Use MEMORY_ONLY_SER level

import org.apache.spark.storage.StorageLevelrdd1.persist(StorageLevel.MEMORY_ONLY_SER)rdd1.count

I'm going to compare these two ways here, and you can try something else.

How do you choose? The official website also said.

You can make different choices between memory usage and CPU efficiency.

By default, the highest performance is MEMORY_ONLY, of course, but only if your memory is large enough to store all the data of the entire RDD. Because no serialization and deserialization operations are performed, this part of the performance overhead is avoided; the subsequent operator operations on this RDD are based on pure memory data, and there is no need to read data from disk files, and the performance is also very high; and there is no need to copy a copy of the data and transmit it remotely to other nodes. However, it must be noted here that in the actual production environment, I am afraid that the scenarios that can directly use this strategy are still limited. If there is a lot of data in the RDD (such as billions), directly using this persistence level will cause the JVM OOM memory overflow exception.

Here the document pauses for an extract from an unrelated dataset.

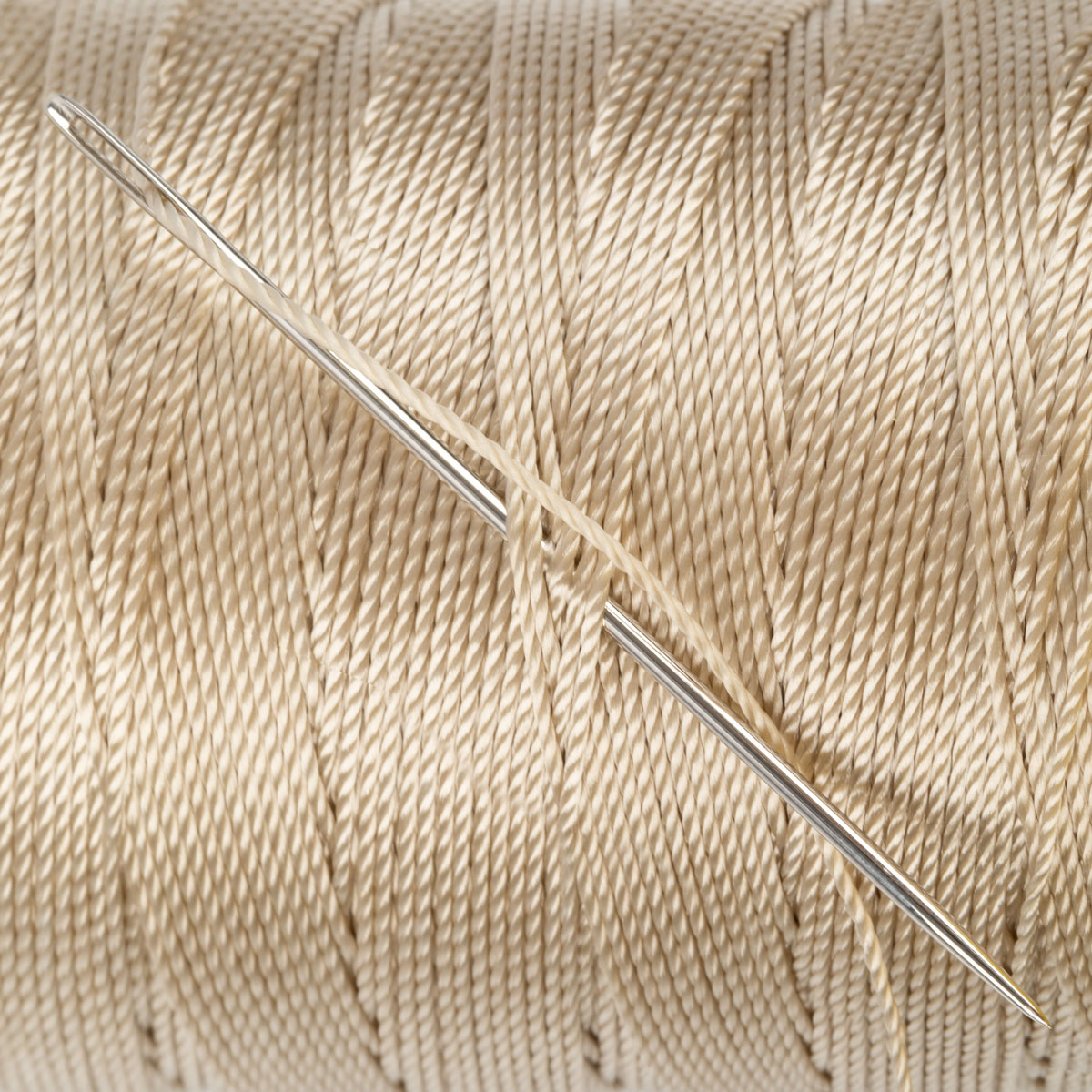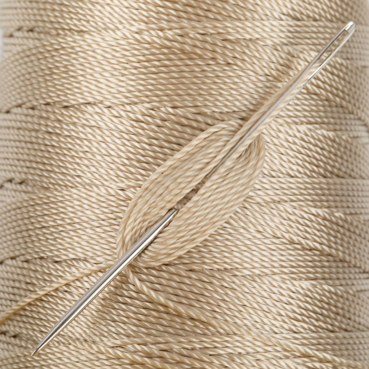 Поверхность нити блестящая и гладкая, что повышает качество строчки.

If a memory overflow occurs when using the MEMORY_ONLY level, it is recommended that you try using the MEMORY_ONLY_SER level. This level serializes the RDD data and stores it in memory, where each partition is just an array of bytes, greatly reducing the number of objects and memory footprint. This level of performance overhead is more than MEMORY_ONLY, mainly serialization and deserialization overhead. However, subsequent operators can operate on pure memory, so the overall performance is still relatively high. In addition, the same problem may occur, if the amount of data in the RDD is too large, it may also cause OOM memory overflow exceptions.

Don't leak to disk unless you're spending a lot of money on in-memory calculations, or you can filter a lot of data and keep some of the more important ones in memory. Otherwise, storage on disk will be slow to compute and performance will decrease dramatically.

Level with suffix_2, all data must be copied and sent to other nodes. Data replication and network transmission cause large performance overhead and are not recommended unless high availability of jobs is required.

Delete data from cache

Spark automatically monitors cache usage on each node and discards old data partitions in a least-recently-used (LRU) fashion. If you want to delete the RDD manually, rather than waiting for it to fall out of cache, use the RDD.unpersist() method.

Welcome to subscribe "Shulou Technology Information " to get latest news, interesting things and hot topics in the IT industry, and controls the hottest and latest Internet news, technology news and IT industry trends.

*The comments in the above article only represent the author's personal views and do not represent the views and positions of this website. If you have more insights, please feel free to contribute and share.